Single by Jon Pardi

from the album Heartache Medication
- Released: March 16, 2020
- Genre: Country
- Length: 3:39
- Label: Capitol Nashville
- Songwriters: Brandon Kinney; Josh Thompson;
- Producers: Jon Pardi; Bart Butler; Ryan Gore;

Jon Pardi singles chronology
| "Beer Can't Fix" (2020) | "Ain't Always the Cowboy" (2020) | "Tequila Little Time" (2021) |

Music video
- "Ain't Always The Cowboy" on YouTube

= Ain't Always the Cowboy =

"Ain't Always the Cowboy" is a song by American country music singer Jon Pardi. It was released on March 16, 2020 as the second single from his third studio album Heartache Medication. The track is about a non-committal woman that uses Western iconography. "Ain't Always the Cowboy" peaked at numbers three and six on Billboard's Country Airplay and Hot Country Songs charts respectively. It also reached number 55 on the Hot 100. It was certified two-times platinum by the Recording Industry Association of America (RIAA), denoting sales of over two million units in the United States. The song achieved similar success in Canada, giving Pardi his fifth number-one hit on the Country chart, and peaked at number 52 on the Canadian Hot 100. The accompanying music video for the single, directed by Carlos Ruiz, features Pardi barrel racing.

==Content and history==
The song was written by Brandon Kinney and Josh Thompson. It uses Western imagery to describe a woman who does not want to commit to a relationship. Pardi told the blog Taste of Country, ""I feel like the topic of the song hasn't been written about in this way, and I love songs that approach things differently and offer fresh perspectives".

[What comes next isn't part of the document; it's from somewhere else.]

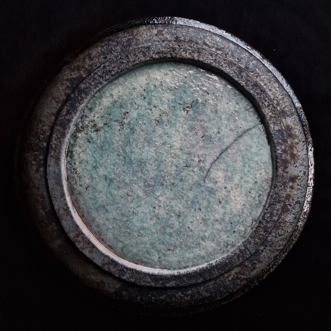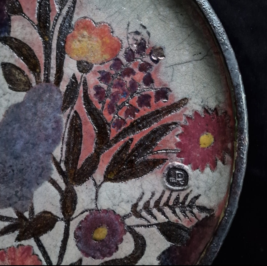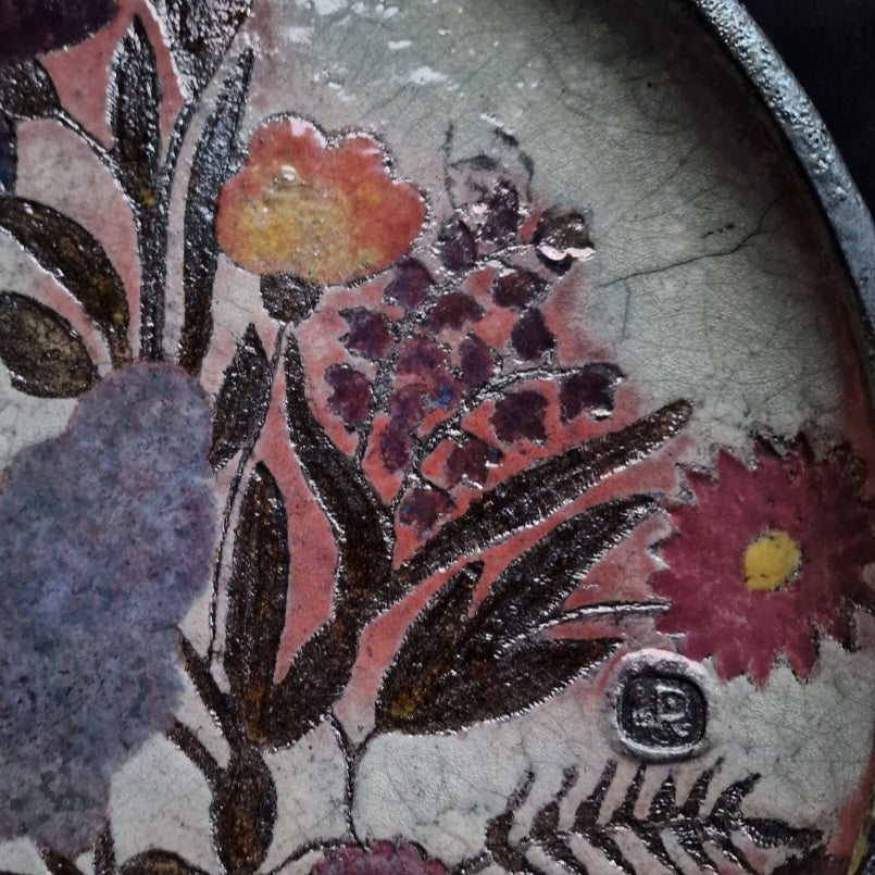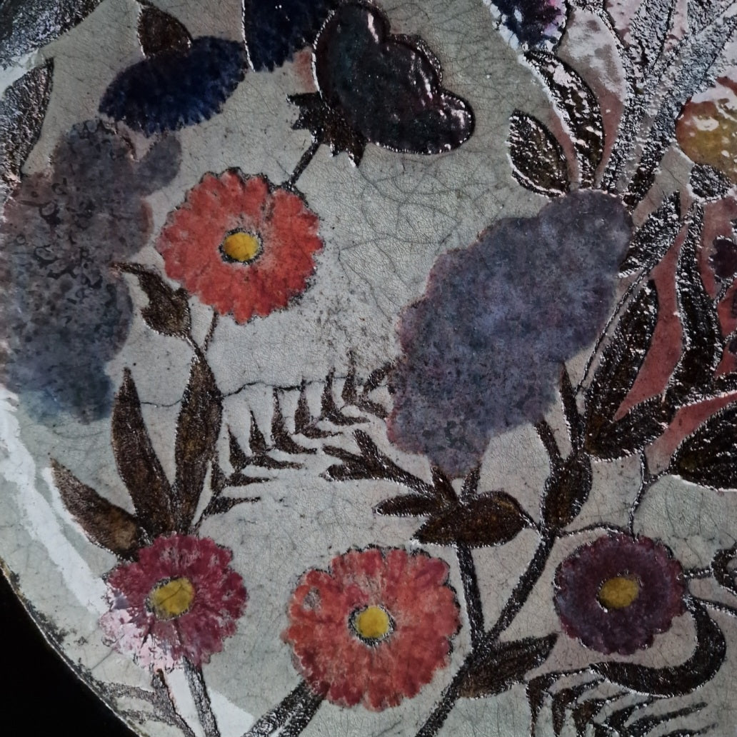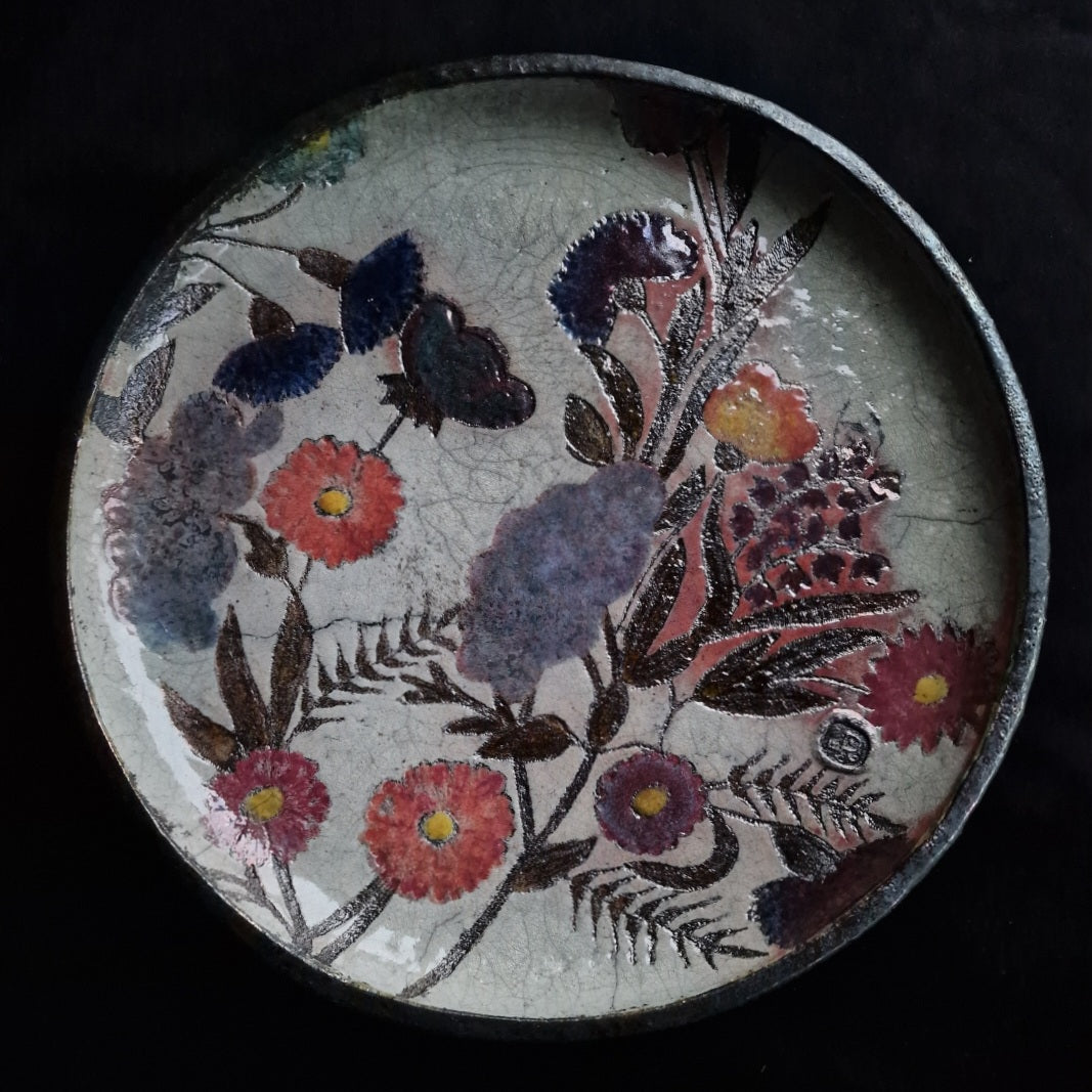 Rankų darbo indas. Dydis 35 x 35 x 5. Raku degimo technika.

Thompson upon meeting Kinney, only had the title in mind, and after the two writers began drinking beer together, they came up with the idea for the song. The demo, featuring vocals from Thompson, was then sent to Kinney's cousin Bart Butler, who is also Pardi's producer. Butler chose for the song to be recorded at a faster tempo than the demo, adding prominent fiddle from Jenee Fleenor and a lead guitar from Rob McNelley, along with several backing vocals all sung by session vocalist Russell Terrell. Taste of Country writer Cillea Houghton described the song as "put[ting] as much focus on the restless woman who stole the titular cowboy's heart as it does the cowboy himself, tied together with descriptive lyrics".

==Music video==
Carlos Ruiz directed the music video, which features Pardi barrel racing.

==Chart performance==
On the week of September 12, 2020, "Ain't Always the Cowboy" debuted at number 99 on the Billboard Hot 100. Eleven weeks later, it peaked at number 55 the week of November 28, and stayed on the chart for eighteen weeks. On the week of December 19, it reached numbers three and six on both the Billboard Country Airplay and Hot Country Songs charts respectively. In Canada, the song debuted at number 100 on the Canadian Hot 100 the week of September 26. Nine weeks later, it reached number 52 the same week it peaked on the Billboard Hot 100, and remained on the chart for fifteen weeks.

===Weekly charts===

| Chart (2020–2021) | Peak position |
|---|---|
| Canada Hot 100 (Billboard) | 52 |
| Canada Country (Billboard) | 1 |
| US Billboard Hot 100 | 55 |
| US Country Airplay (Billboard) | 3 |
| US Hot Country Songs (Billboard) | 6 |

===Year-end charts===

| Chart (2020) | Position |
|---|---|
| US Country Airplay (Billboard) | 52 |
| US Hot Country Songs (Billboard) | 48 |

| Chart (2021) | Position |
|---|---|
| US Hot Country Songs (Billboard) | 89 |

==Certifications==

| Region | Certification | Certified units/sales |
| Canada (Music Canada) | Platinum | 80,000^{‡} |
| United States (RIAA) | 2× Platinum | 2,000,000^{‡} |
^{‡} Sales+streaming figures based on certification alone.